The honeymoon between Microsoft and the partners and customers who've been gleefully awaiting the arrival of Windows Home Server may be over, thanks to a serious data corruption glitch in the software.
"When you use certain programs to edit files on a home computer that uses Windows Home Server, the files may become corrupted when you save them to the home server," said Microsoft.
According to Microsoft, the problem appears to be limited to files saved using Windows Vista Photo Gallery, Windows Live Photo Gallery, Microsoft Office OneNote 2007, Microsoft Office OneNote 2003, Microsoft Office Outlook 2007, Microsoft Money 2007 and SyncToy 2.0 Beta. When a user saves a file to the Home Server using one of these programs, the files may become corrupted.

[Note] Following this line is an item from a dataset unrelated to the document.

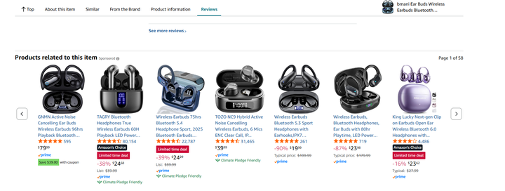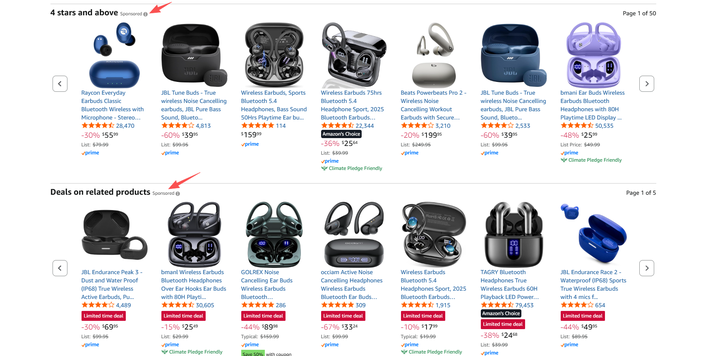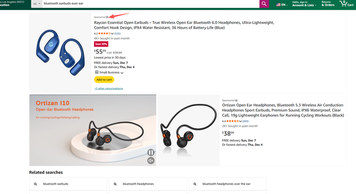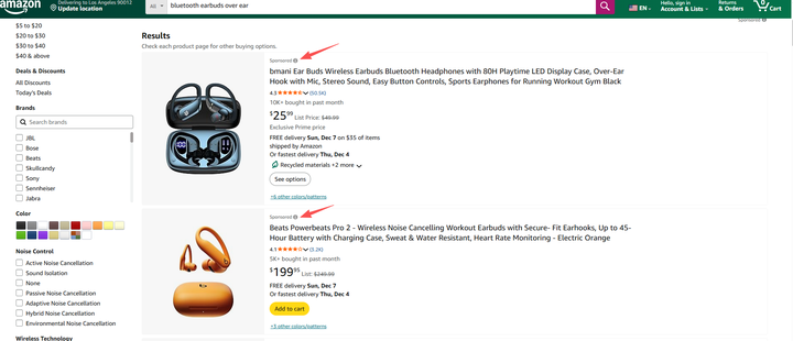 以关键词 bluetooth earbuds over ear 为例。

Some of those are obscure applications, but data corruption in Outlook, Microsoft Money and Windows Vista Photo Gallery could seriously ruin a few peoples' holiday weekends.
Also, that list is just the software Microsoft has been able to reproduce the bug on. The team is also experimenting with torrents, Quicken and QuickBook files, which users have also reported problems with.
Microsoft blamed the problem on a glitch within Windows Home Server's shared folders. The company said it had reproduced the bug and would post any new information to the document tagged as KB946676.
"Our development team is working full-time through the holidays to diagnose and address this issue," claimed Microsoft.
The Windows Home Server product was announced earlier this year at the Consumer Electronics Show. It is designed to be a thin version of Microsoft's Windows Server, which typically uses an Intel Xeon or AMD Opteron server processor as a foundation for enterprise software. It made its consumer debut in October.
The Windows Home Server operating system is Microsoft’s attempt at helping consumers manage the tremendous amount of available content. The operating system has been commercially sold for several months now on inexpensive home file servers that can store documents, pictures, music and video.